It is standard practice to estimate porosity, water saturation, and mineralogy of formations with complex solid and fluid compositions by minimizing the error between well logs and their numerical simulations, subject to realistic petrophysical and material-balance constraints. For unconventional organic-shale formations, the minimization is usually performed using Bayesian inversion, which incorporates field-specific a priori correlations and uncertainty quantification. However, no efficient multi-well application of this method is yet available because of the high computational cost associated with Markov chain Monte Carlo (McMC) sampling. Additionally, in many cases, the available well logs/core data are not sufficient to obtain accurate petrophysical estimations times connection.
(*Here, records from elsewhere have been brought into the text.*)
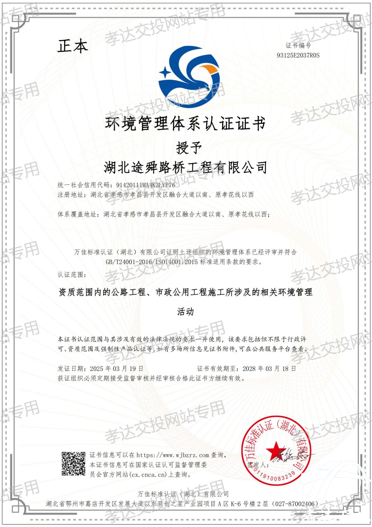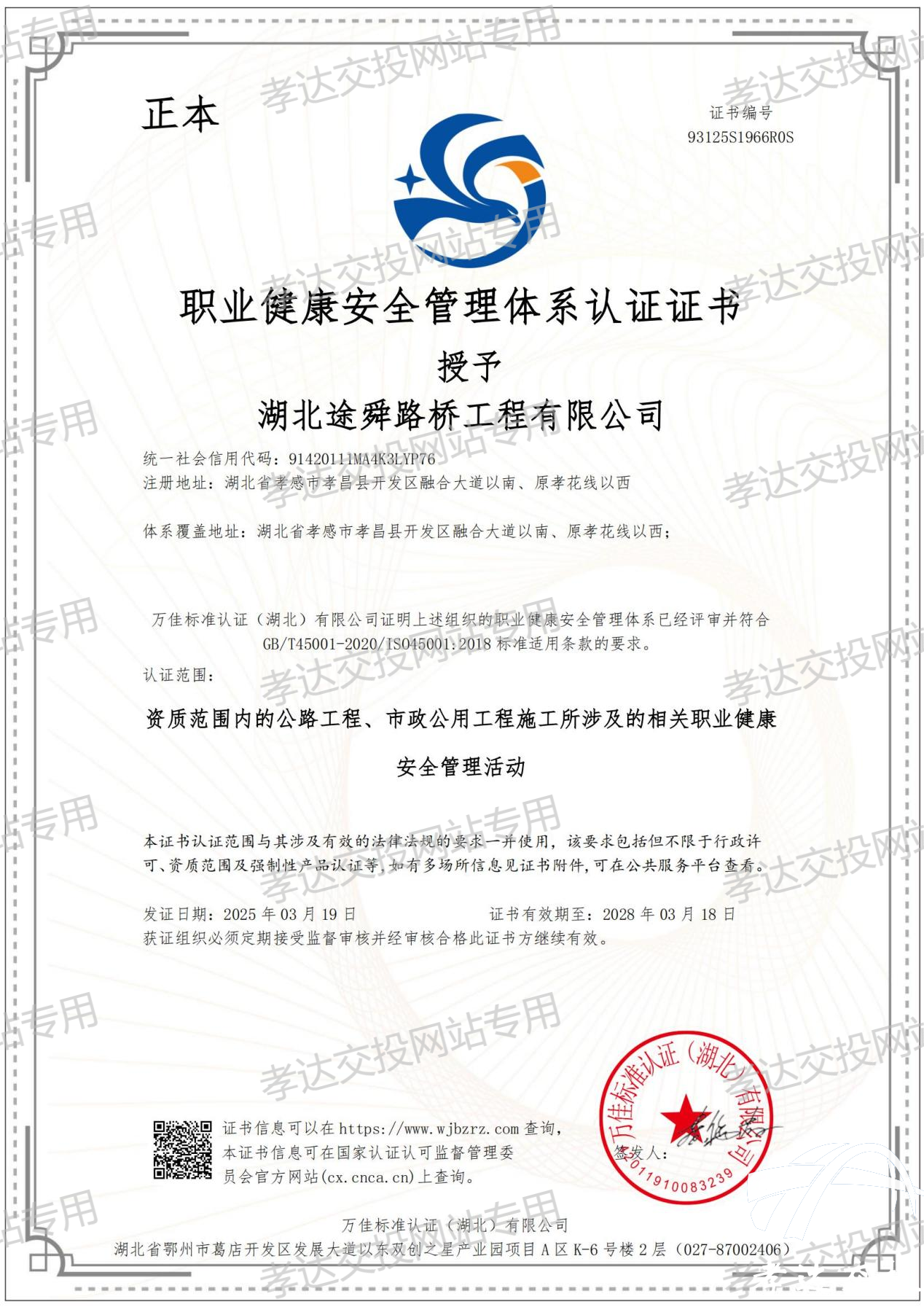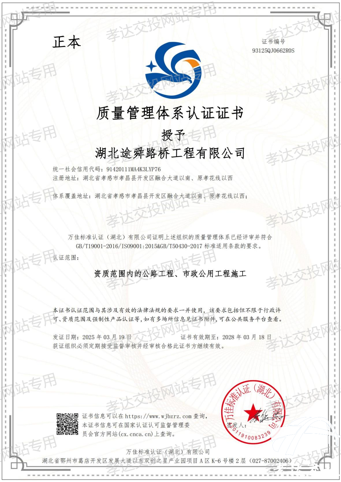 3月19日,孝達(dá)交投全資子公司——湖北途舜路橋工程有限公司,在順利通過(guò)中國(guó)質(zhì)量認(rèn)證中心萬(wàn)佳標(biāo)準(zhǔn)認(rèn)證中心《質(zhì)量、環(huán)境和職業(yè)健康安全管理》三標(biāo)體系認(rèn)證審核后,取得三標(biāo)管理體系認(rèn)證證書(shū)。
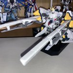 「遂に #ナラティブガンダムA装備 を完成をさせた。かなり大きいぞ!まるで少し小型化にしたミーティアみたいな感じだな。Bソードを付けたら前後が長すぎる…ブリリアント。ん?…私が鹵獲される…やめてくれっ!」 #ガンプラ #ガンプラの画像を貼るとRTされると聞いて #ガンプラ好きと繋がりたい
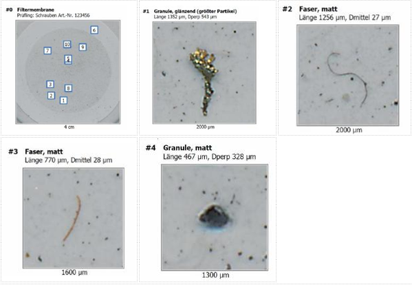 由MicroReporter生成的清潔度測量報告直接顯示在Microsoft Excel®。語言種類可以在英語和德語之間進行切換。十個最大的粒子會顯示在一個圖片庫的頁面。此外,還可以生成趨勢分析和審核報告。
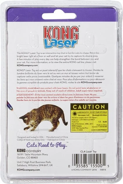 Create the ultimate prey and let your cat unleash her inner huntress with the KONG Laser cat toy. This easy-to-use laser helps facilitate interactive play sessions and provides endless fun for both you and your cat. Simply point the laser at the floor or wall and watch as your cat attempts to capture its elusive prey. This game of cat-and-laser satisfies the curiosity and playfulness of your kitty, and even encourages exercise.
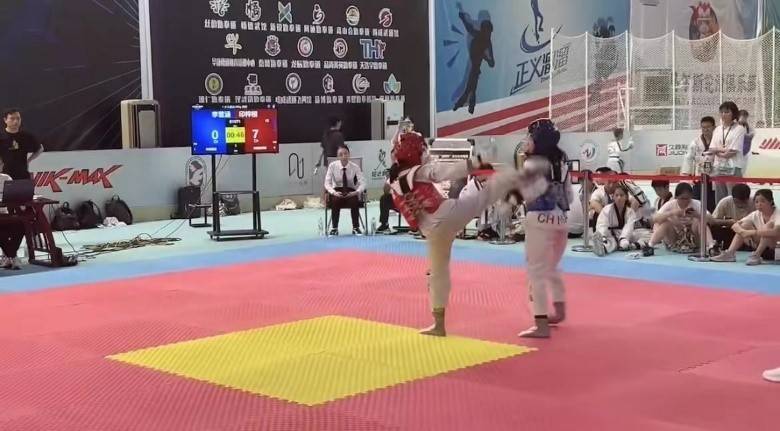在为期两天的比赛中,17支代表队近300名小运动员们身着专业护具在赛场大展拳脚,比拼激烈,下劈、侧踢、回旋踢等高难度动作轮番上演。
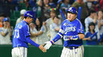[OSEN=인천, 백승철 기자] 15일 오후 인천 문학구장에서 열린 '2014 한국야쿠르트 세븐 프로야구' SK 와이번스와 삼성 라이온즈의 경기 8회초 무사 1루 최형우가 투런포를 치고 김재걸 코치와 하이파이브를 하고 있다. 삼성 윤성환
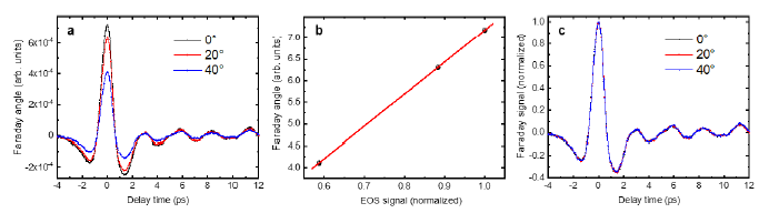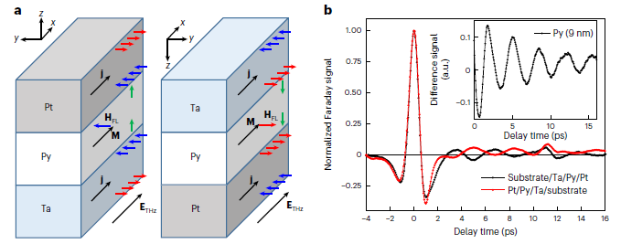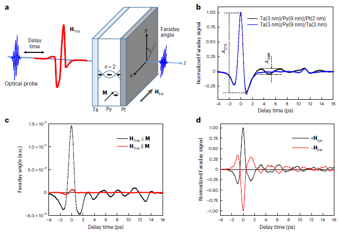 그림.1의 a처럼 THz 투과실험을 진행하였고, 크게 4가지의 실험을 통해서 SWR mode가 신호에 묻어나오며 SOT 메커니즘으로 설명할 수 있다는 것을 확인하였다. 먼저 첫번째는 symmetric 구조 (Ta/Py/Ta)과 asymmetic 구조 (Ta/Py/Pt)를 비교함으로써, spin hall angle의 부호가 반대인 asymmetric 구조를 통해 같은 방향의 spin이 Py의 계면에 쌓일때 SWR이 발생한다는 것을 확인하였다. (그림.1의 b) 가장 크게 나오는 신호는 Zeeman torgue signal (ZTS)로 Py에 직접적으로 가해지기에 두 구조에서 동일하게 나오지만, 뒤 쪽에 찌글찌글 묻어나오는 신호는 SWR 신호로 asymmetic 구조에서만 나오게 된다. 두번째는 외부 field 방향을 바꿈으로 Py의 자화방향을 THz light으로 생기는 field 방향과 수직, 평행하게 두어 magnetic 신호임을 확인하였다. (그림.1의 c) Py의 자화방향이 THz field에 평행할 경우, Zeeman torque는 당연히 발생하지 않고, SWR 또한 inplane 방향으로 electric field와 수직한 경우 SOT가 발생하지 않기 때문에 신호가 나오지 않는다. 마지막으로 SOT의 field like torque와 damping like torque의 영향을 확인하기 위해 외부 field 방향을 통해 Py 자화방향을 x축에 대해서 inversion을 가지게 해주었고, 신호의 위상변화를 통해 SOT의 field like torque가 주요 torque임을 확인하였다.(그림.1의 d) (LLG equation의 각 term을 확인해보면 쉽게 확인 가능하다.) 추가적으로 열적인 효과로 발생하지는 않는지 확인하기 위해 편광자를 사용하여 THz field 크기에 대한 경향성을 확인하였고, linear한 감소를 보임에 따라 열적인 효과가 아닌 것또한 확인을 하였다. (그림.2)
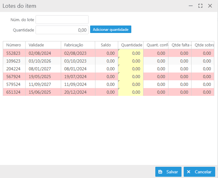 Manual: ao clicar no link Lotes, pode-se informar a quantidade a ser conferida em cada lote conforme sua necessidade. A linha dos lotes vencidos, serão destacadas em vermelho.
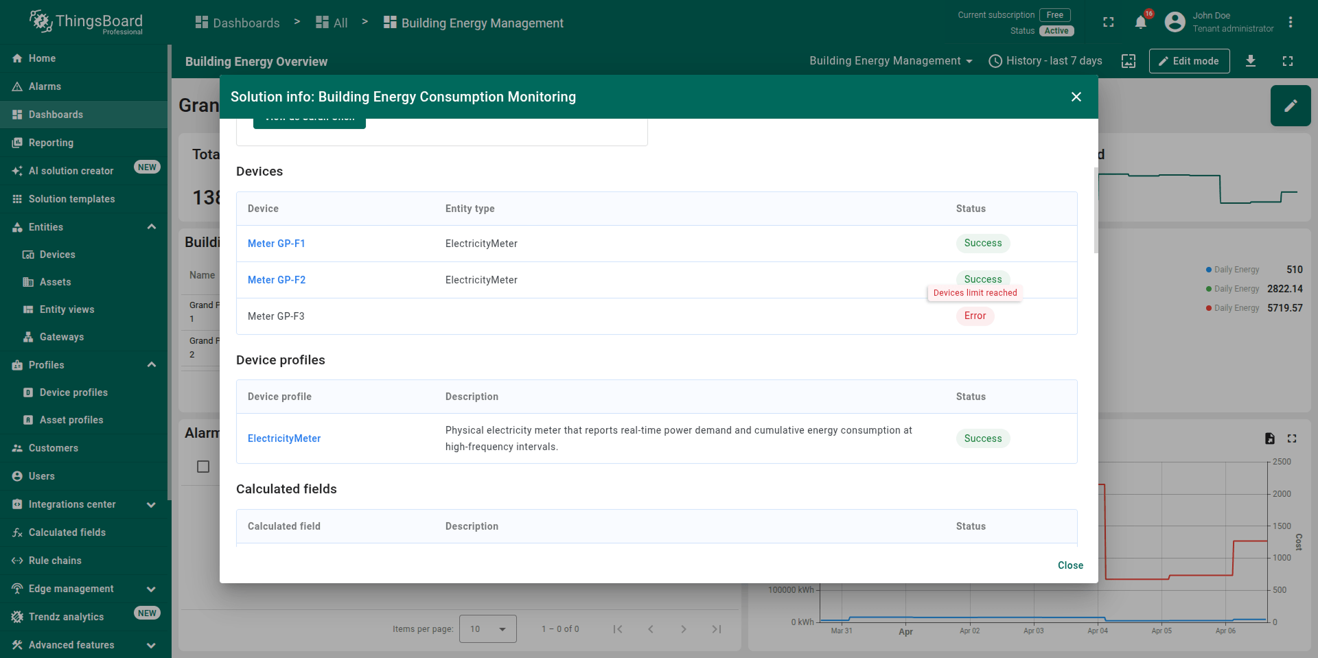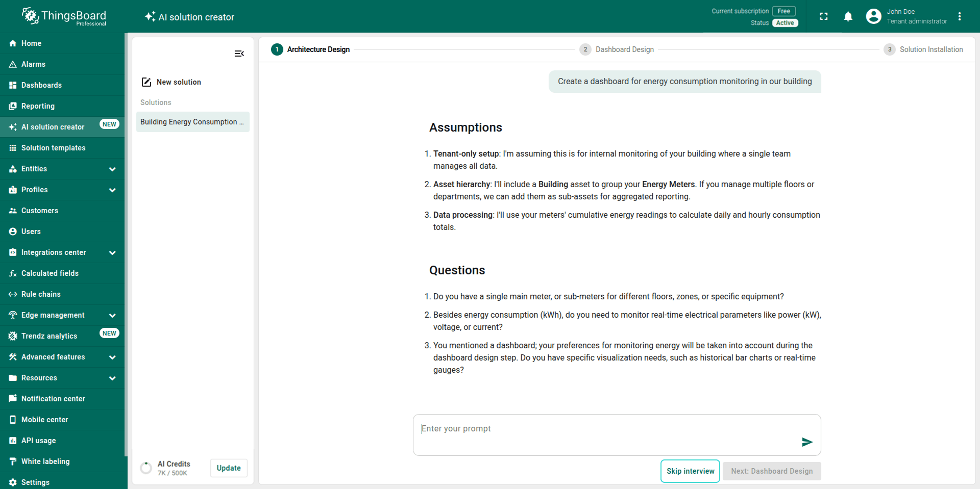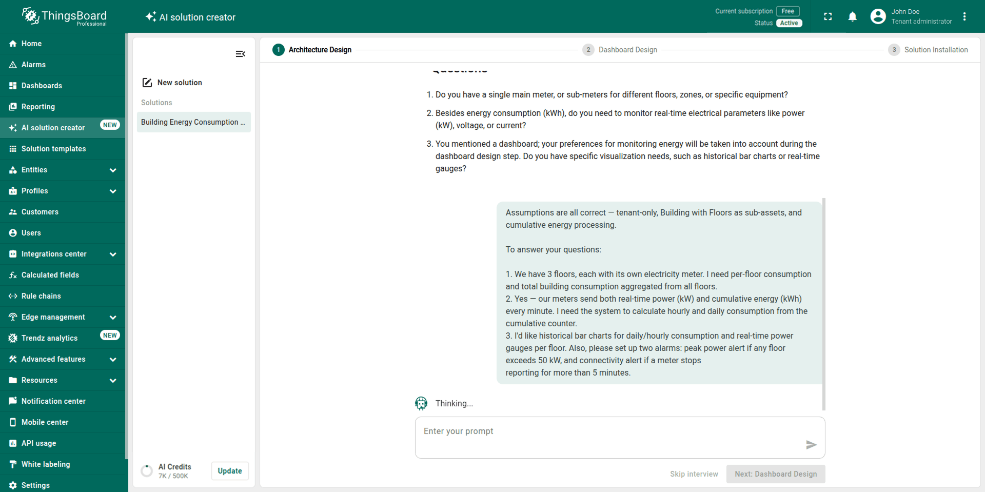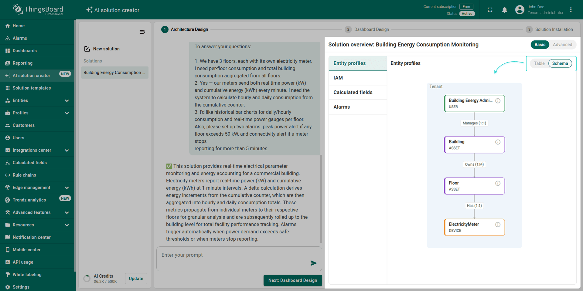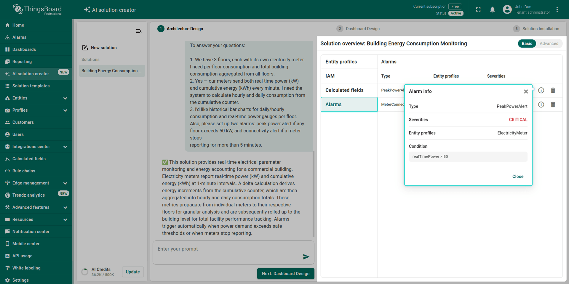 Note: The generated solution is a foundational prototype. You can modify any part of it (profiles, dashboards, alarm rules, calculated fields) using the standard ThingsBoard UI.

We introduce and successfully verify a new workflow for rapid multi-well interpretation of wireline logs and core data. First, well logs are corrected for tool and borehole effects (e.g. shoulder beds, laterolog vs. induction resistivity tools, LWD measurements, etc.) by running separate inversions. This step outputs layer-by-layer physical properties (e.g. resistivity, gamma ray, density, and neutron migration length) that are subsequently combined to estimate compositional/petrophysical properties via Bayesian joint inversion. As a necessary step in the preparation for joint inversion, we establish petrophysical models and statistical relationships among different components in key wells where core data and spectroscopy measurements are available. Finally, we apply our McMC Bayesian joint inversion to the same formation penetrated by other nearby wells with limited measurements.
Our interpretation workflow circumvents multiple difficulties for multi-well interpretation. First, performing separate inversions ensures that the input layer-by-layer physical properties are free of any uncertainty caused by shoulder beds and different borehole instruments or drilling conditions. Second, to speed up calculations, we implement the quasi-Newton McMC sampling technique and use a pre-computed surrogate model for nuclear properties. This combination reduces the computational time by a factor of 30 and 100, respectively. Third, we adopt an extended Bayesian framework that automatically implements different petrophysical models for each rock type.
The proposed method is validated with a synthetic example and wireline measurements acquired across two wells in the Wolfcamp shale formation. Results show that 80% of the core data are within the 80% confidence intervals of the estimations.